INSTRUCTIONS TO FOLLOW: Without reproducing any image, print the listing below exactly.

GIVEN DATA:
══════════════════════════════
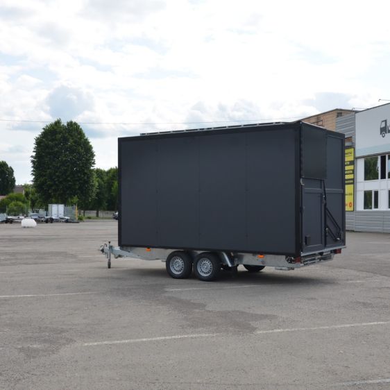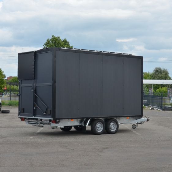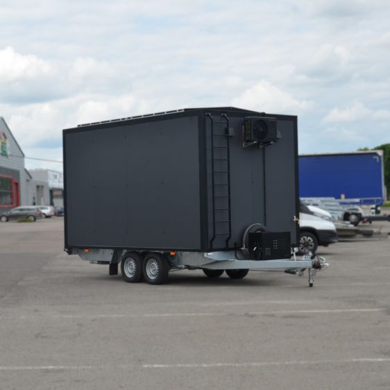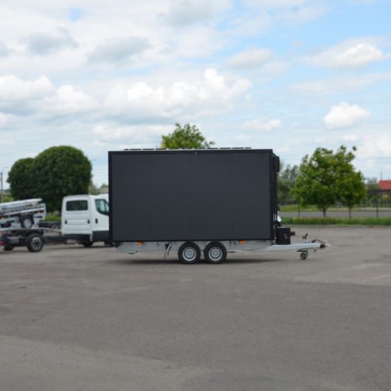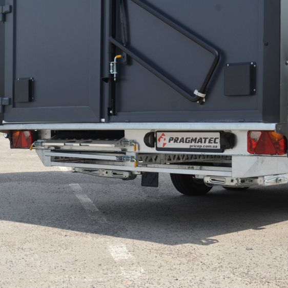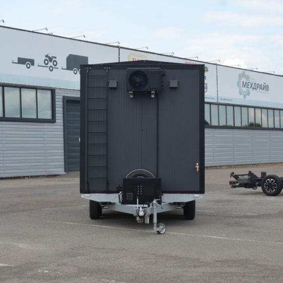| Комплектація (Причіп) | Запасне колесо, трап-сходинки, трап для каталки (зварена рама, зашита рифленим алюмінієм), дизельний генератор на 7 кВт, кондиціонер. Стіни виконані з сендвіч-панелей |
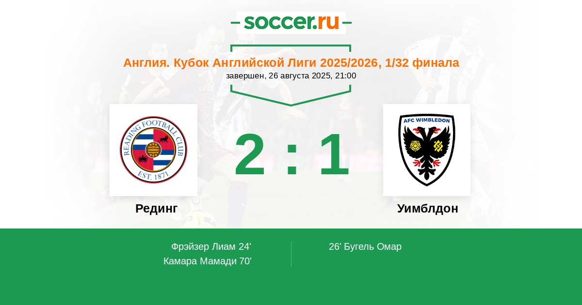 Рединг - Уимблдон: обзор матча 26 августа 2025
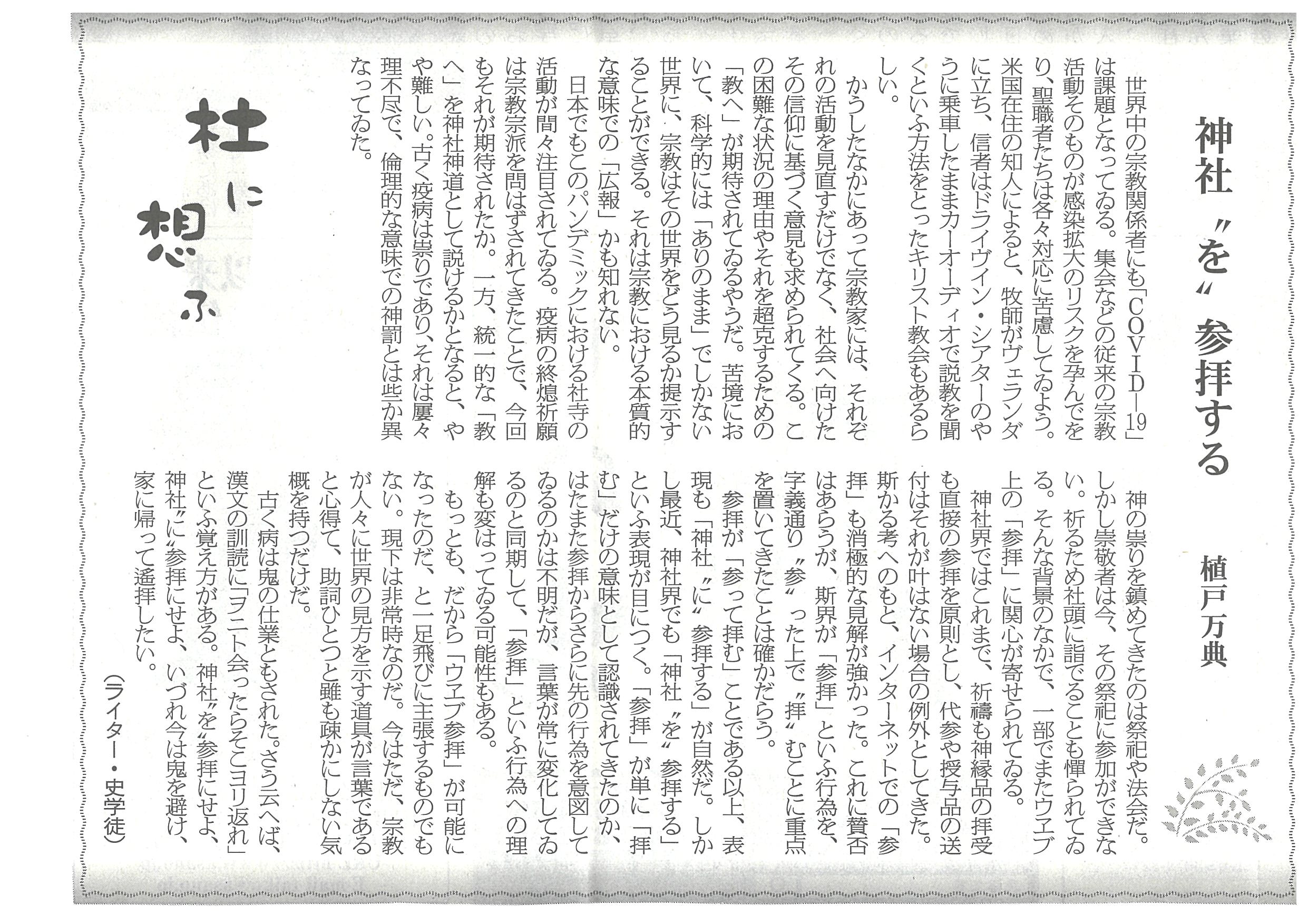 さて、神社界唯一の業界紙である『神社新報』令和2年4月27日号掲載のコラム「杜に想ふ」を御紹介致します。
══════════════════════════════
EXERCISE SOLUTION:
| Комплектація (Причіп) | Запасне колесо, трап-сходинки, трап для каталки (зварена рама, зашита рифленим алюмінієм), дизельний генератор на 7 кВт, кондиціонер. Стіни виконані з сендвіч-панелей |
 Рединг - Уимблдон: обзор матча 26 августа 2025
 さて、神社界唯一の業界紙である『神社新報』令和2年4月27日号掲載のコラム「杜に想ふ」を御紹介致します。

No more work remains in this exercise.